[Excerpts from a dataset]
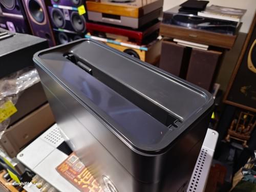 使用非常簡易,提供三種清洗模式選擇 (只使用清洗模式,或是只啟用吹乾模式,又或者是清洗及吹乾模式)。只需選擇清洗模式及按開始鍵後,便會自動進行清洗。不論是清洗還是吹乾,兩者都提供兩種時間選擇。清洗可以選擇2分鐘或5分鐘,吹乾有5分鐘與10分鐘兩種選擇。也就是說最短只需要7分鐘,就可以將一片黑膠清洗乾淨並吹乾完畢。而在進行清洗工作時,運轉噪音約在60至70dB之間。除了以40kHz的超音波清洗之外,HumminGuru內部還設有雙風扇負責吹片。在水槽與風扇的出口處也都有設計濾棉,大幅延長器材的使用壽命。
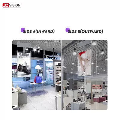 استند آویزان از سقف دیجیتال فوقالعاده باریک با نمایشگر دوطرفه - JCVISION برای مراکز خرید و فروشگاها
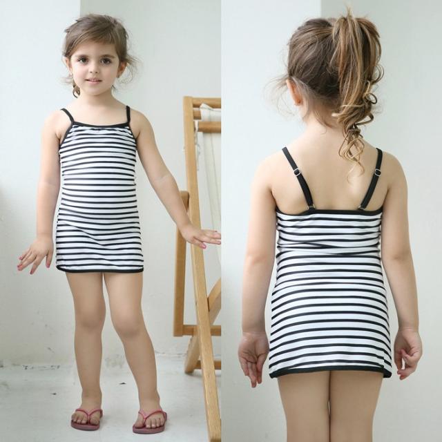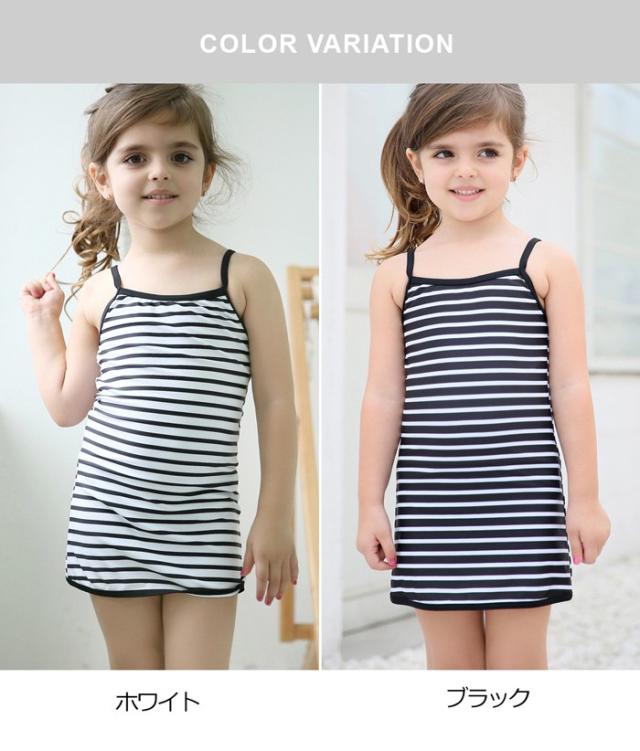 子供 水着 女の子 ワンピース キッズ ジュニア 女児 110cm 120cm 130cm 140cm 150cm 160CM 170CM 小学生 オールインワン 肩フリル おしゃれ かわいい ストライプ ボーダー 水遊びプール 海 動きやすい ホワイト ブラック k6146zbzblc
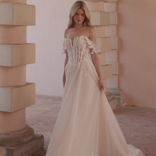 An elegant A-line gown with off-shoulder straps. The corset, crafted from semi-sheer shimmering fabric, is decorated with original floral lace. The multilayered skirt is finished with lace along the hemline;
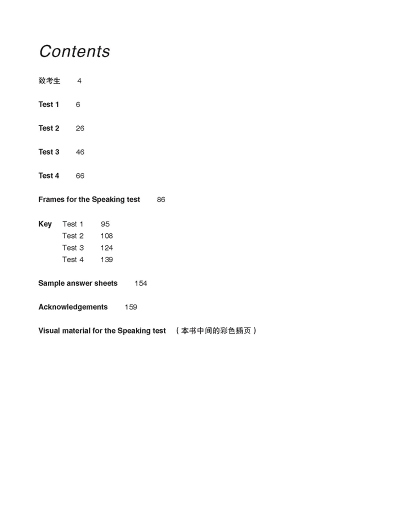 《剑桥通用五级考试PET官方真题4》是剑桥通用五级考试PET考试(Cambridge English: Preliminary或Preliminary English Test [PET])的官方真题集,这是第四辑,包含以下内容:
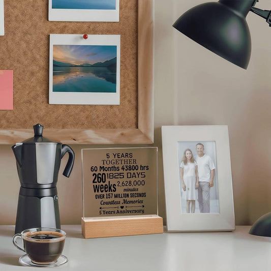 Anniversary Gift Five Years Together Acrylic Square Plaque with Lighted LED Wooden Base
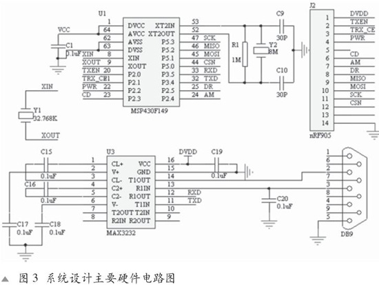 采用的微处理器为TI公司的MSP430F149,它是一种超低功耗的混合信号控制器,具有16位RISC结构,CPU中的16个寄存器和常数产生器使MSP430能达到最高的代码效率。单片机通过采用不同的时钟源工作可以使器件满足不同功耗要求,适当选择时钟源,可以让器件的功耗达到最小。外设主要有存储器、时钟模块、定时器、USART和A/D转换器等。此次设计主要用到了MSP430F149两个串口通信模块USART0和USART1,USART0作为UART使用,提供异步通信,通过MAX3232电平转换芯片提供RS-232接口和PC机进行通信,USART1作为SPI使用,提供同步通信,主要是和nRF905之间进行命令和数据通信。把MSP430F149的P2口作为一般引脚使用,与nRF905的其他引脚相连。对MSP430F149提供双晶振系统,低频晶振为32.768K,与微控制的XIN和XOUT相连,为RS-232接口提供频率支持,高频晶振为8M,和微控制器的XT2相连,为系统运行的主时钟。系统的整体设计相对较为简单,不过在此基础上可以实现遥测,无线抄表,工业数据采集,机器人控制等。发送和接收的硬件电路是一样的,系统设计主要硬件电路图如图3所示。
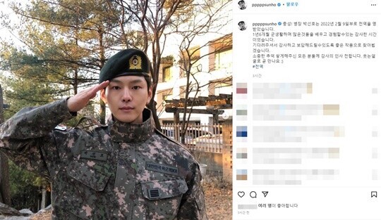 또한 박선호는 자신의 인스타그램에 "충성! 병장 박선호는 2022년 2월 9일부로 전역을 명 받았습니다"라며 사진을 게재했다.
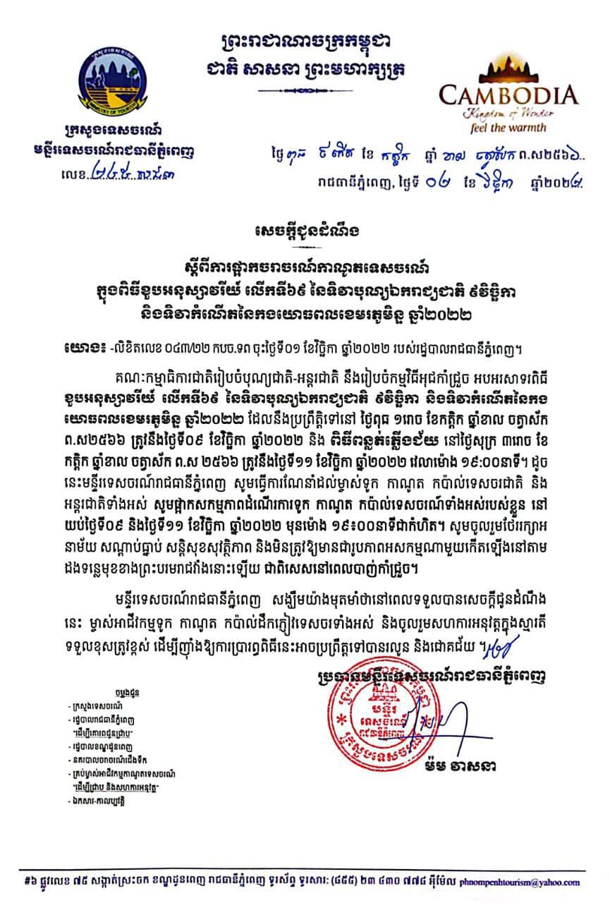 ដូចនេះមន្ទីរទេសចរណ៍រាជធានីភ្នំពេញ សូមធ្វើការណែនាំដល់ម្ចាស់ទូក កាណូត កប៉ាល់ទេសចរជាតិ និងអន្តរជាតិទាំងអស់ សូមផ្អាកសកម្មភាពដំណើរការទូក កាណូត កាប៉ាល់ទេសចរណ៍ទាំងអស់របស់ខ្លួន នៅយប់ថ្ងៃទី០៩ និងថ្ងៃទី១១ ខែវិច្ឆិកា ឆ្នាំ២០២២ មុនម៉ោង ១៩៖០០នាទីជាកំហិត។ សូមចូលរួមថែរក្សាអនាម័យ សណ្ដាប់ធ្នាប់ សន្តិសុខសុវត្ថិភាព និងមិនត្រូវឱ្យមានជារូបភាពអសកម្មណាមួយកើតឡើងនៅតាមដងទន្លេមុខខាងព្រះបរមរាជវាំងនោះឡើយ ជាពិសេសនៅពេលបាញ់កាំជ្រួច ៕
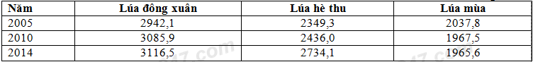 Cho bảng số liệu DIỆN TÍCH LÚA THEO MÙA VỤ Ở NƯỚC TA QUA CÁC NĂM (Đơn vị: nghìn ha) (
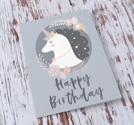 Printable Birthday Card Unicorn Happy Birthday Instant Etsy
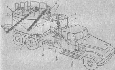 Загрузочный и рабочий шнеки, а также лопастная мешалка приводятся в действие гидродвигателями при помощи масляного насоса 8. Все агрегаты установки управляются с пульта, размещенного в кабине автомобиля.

• _What to do_
Give the records back exactly, with no pictures.

• _The answer_
 使用非常簡易,提供三種清洗模式選擇 (只使用清洗模式,或是只啟用吹乾模式,又或者是清洗及吹乾模式)。只需選擇清洗模式及按開始鍵後,便會自動進行清洗。不論是清洗還是吹乾,兩者都提供兩種時間選擇。清洗可以選擇2分鐘或5分鐘,吹乾有5分鐘與10分鐘兩種選擇。也就是說最短只需要7分鐘,就可以將一片黑膠清洗乾淨並吹乾完畢。而在進行清洗工作時,運轉噪音約在60至70dB之間。除了以40kHz的超音波清洗之外,HumminGuru內部還設有雙風扇負責吹片。在水槽與風扇的出口處也都有設計濾棉,大幅延長器材的使用壽命。
 استند آویزان از سقف دیجیتال فوقالعاده باریک با نمایشگر دوطرفه - JCVISION برای مراکز خرید و فروشگاها
 子供 水着 女の子 ワンピース キッズ ジュニア 女児 110cm 120cm 130cm 140cm 150cm 160CM 170CM 小学生 オールインワン 肩フリル おしゃれ かわいい ストライプ ボーダー 水遊びプール 海 動きやすい ホワイト ブラック k6146zbzblc
 An elegant A-line gown with off-shoulder straps. The corset, crafted from semi-sheer shimmering fabric, is decorated with original floral lace. The multilayered skirt is finished with lace along the hemline;
 《剑桥通用五级考试PET官方真题4》是剑桥通用五级考试PET考试(Cambridge English: Preliminary或Preliminary English Test [PET])的官方真题集,这是第四辑,包含以下内容:
 Anniversary Gift Five Years Together Acrylic Square Plaque with Lighted LED Wooden Base
 采用的微处理器为TI公司的MSP430F149,它是一种超低功耗的混合信号控制器,具有16位RISC结构,CPU中的16个寄存器和常数产生器使MSP430能达到最高的代码效率。单片机通过采用不同的时钟源工作可以使器件满足不同功耗要求,适当选择时钟源,可以让器件的功耗达到最小。外设主要有存储器、时钟模块、定时器、USART和A/D转换器等。此次设计主要用到了MSP430F149两个串口通信模块USART0和USART1,USART0作为UART使用,提供异步通信,通过MAX3232电平转换芯片提供RS-232接口和PC机进行通信,USART1作为SPI使用,提供同步通信,主要是和nRF905之间进行命令和数据通信。把MSP430F149的P2口作为一般引脚使用,与nRF905的其他引脚相连。对MSP430F149提供双晶振系统,低频晶振为32.768K,与微控制的XIN和XOUT相连,为RS-232接口提供频率支持,高频晶振为8M,和微控制器的XT2相连,为系统运行的主时钟。系统的整体设计相对较为简单,不过在此基础上可以实现遥测,无线抄表,工业数据采集,机器人控制等。发送和接收的硬件电路是一样的,系统设计主要硬件电路图如图3所示。
 또한 박선호는 자신의 인스타그램에 "충성! 병장 박선호는 2022년 2월 9일부로 전역을 명 받았습니다"라며 사진을 게재했다.
 ដូចនេះមន្ទីរទេសចរណ៍រាជធានីភ្នំពេញ សូមធ្វើការណែនាំដល់ម្ចាស់ទូក កាណូត កប៉ាល់ទេសចរជាតិ និងអន្តរជាតិទាំងអស់ សូមផ្អាកសកម្មភាពដំណើរការទូក កាណូត កាប៉ាល់ទេសចរណ៍ទាំងអស់របស់ខ្លួន នៅយប់ថ្ងៃទី០៩ និងថ្ងៃទី១១ ខែវិច្ឆិកា ឆ្នាំ២០២២ មុនម៉ោង ១៩៖០០នាទីជាកំហិត។ សូមចូលរួមថែរក្សាអនាម័យ សណ្ដាប់ធ្នាប់ សន្តិសុខសុវត្ថិភាព និងមិនត្រូវឱ្យមានជារូបភាពអសកម្មណាមួយកើតឡើងនៅតាមដងទន្លេមុខខាងព្រះបរមរាជវាំងនោះឡើយ ជាពិសេសនៅពេលបាញ់កាំជ្រួច ៕
 Cho bảng số liệu DIỆN TÍCH LÚA THEO MÙA VỤ Ở NƯỚC TA QUA CÁC NĂM (Đơn vị: nghìn ha) (
 Printable Birthday Card Unicorn Happy Birthday Instant Etsy
 Загрузочный и рабочий шнеки, а также лопастная мешалка приводятся в действие гидродвигателями при помощи масляного насоса 8. Все агрегаты установки управляются с пульта, размещенного в кабине автомобиля.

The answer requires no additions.